• _Record excerpts_:
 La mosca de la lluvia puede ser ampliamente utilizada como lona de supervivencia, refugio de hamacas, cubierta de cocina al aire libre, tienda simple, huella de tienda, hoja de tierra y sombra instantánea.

* * *

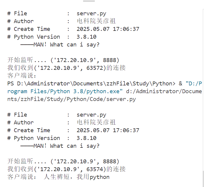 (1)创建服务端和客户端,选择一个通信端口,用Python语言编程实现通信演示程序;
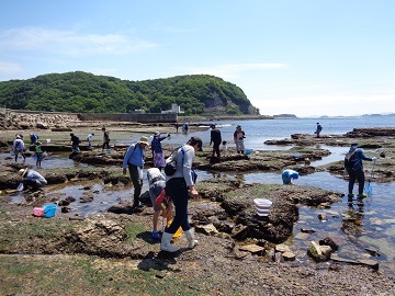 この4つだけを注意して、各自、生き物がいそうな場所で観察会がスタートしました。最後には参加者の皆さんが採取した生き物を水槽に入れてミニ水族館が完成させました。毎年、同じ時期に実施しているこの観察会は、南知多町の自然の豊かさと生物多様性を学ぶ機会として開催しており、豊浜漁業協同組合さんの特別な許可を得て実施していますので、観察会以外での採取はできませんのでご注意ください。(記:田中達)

• _Problem_:
Every line above from the one with "(1)创建服务端和客户端,选" down to the one with "この4つだけを注意して、各自" must be written out exactly, and no picture may appear.

• _Answer to the problem_:
 (1)创建服务端和客户端,选择一个通信端口,用Python语言编程实现通信演示程序;
 この4つだけを注意して、各自、生き物がいそうな場所で観察会がスタートしました。最後には参加者の皆さんが採取した生き物を水槽に入れてミニ水族館が完成させました。毎年、同じ時期に実施しているこの観察会は、南知多町の自然の豊かさと生物多様性を学ぶ機会として開催しており、豊浜漁業協同組合さんの特別な許可を得て実施していますので、観察会以外での採取はできませんのでご注意ください。(記:田中達)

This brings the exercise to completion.